Combat Boots rolls his eyes. “Really, Rodney, don’t you think it’s overkill to—”

“You said you’d let me handle the scientists, Major. And the General said any means necessary, did he not?” Major? Leonard lurks in the stairwell, listening. _General?_  

Boots sighs, rolls his eyes again, but he reaches into the knapsack at his side. And that’s when Leonard steps out of the shadows. Sometimes Leonard doesn’t even like Sheldon very much, but they are friends. Friends don’t let friends get mass partically re-arranged.

“Stop!” Leonard says. He shifts his shopping bags so his right hand is free. Doctor McKay—Rodney—just looks newly annoyed and Combat Boots doesn’t look surprised at all.  Could he have known Leonard was there the whole time? Was Leonard insufficiently stealthy? More importantly, even if there were such a thing as a Gou’ald mass particle re-arranger, would it really look like the low-budget sci-fi prop in Combat Boots’s hand?

“Yes?” Major Combat Boots raises an eyebrow.

Leonard means to say something to the effect that, indeed, friends don't let friends get partically re-arranged, but what comes out is, “Don't—I have a key. And we've already maxed out the security deposit.”

When the door swings open, Leonard sees Sheldon sitting in his usual place on the couch, with his knees pulled up to his chest and his hands over his eyes. He parts his fingers, peeking, and then unfolds himself. “See, I _knew_ you didn’t have a mass particle re-arranger and Lord is _that_ a stupid name. So you can go now, since I have been proved correct. Again.”

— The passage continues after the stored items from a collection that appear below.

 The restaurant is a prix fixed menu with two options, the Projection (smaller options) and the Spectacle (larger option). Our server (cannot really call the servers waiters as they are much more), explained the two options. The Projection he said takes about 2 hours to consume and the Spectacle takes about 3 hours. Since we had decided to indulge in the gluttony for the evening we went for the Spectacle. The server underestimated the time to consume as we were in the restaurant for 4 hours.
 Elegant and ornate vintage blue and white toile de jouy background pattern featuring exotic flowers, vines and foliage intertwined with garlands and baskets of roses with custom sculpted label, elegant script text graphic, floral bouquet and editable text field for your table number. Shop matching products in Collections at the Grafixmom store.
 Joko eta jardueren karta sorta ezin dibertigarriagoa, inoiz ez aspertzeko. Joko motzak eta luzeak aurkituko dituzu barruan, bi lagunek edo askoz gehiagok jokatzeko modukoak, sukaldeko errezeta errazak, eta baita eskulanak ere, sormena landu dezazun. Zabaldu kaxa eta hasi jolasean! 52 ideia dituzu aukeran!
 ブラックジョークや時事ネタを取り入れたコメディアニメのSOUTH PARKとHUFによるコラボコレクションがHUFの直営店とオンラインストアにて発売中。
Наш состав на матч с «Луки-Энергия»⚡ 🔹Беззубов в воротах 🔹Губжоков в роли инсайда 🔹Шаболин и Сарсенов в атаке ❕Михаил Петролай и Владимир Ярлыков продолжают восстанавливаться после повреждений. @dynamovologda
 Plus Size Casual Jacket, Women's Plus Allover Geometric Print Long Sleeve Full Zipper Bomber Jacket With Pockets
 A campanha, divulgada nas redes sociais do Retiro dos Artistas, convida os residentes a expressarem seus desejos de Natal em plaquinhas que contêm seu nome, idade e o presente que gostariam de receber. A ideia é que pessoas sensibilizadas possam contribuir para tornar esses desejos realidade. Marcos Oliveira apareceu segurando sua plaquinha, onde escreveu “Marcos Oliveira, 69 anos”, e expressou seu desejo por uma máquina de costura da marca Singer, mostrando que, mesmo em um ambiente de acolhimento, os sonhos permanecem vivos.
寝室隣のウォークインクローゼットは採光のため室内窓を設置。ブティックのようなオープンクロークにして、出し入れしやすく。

“Ford named it,” Combat Boots says, walking right past Leonard. “And when we leave, you’re coming with us.”

Sheldon looks affronted. “Well, I can categorically assure you _that’s_ not going to ha—”

“You can bring two bags,” the military guy cuts in laconically, like the decision has already been made and it’s just a matter of time until Sheldon agrees, “not to exceed 60 pounds, and one personal item.  I'm Major John Sheppard and this is my colleague, Rodney McKay.”

“ _Doctor_ Rodney McKay," the man puts in. “PhD."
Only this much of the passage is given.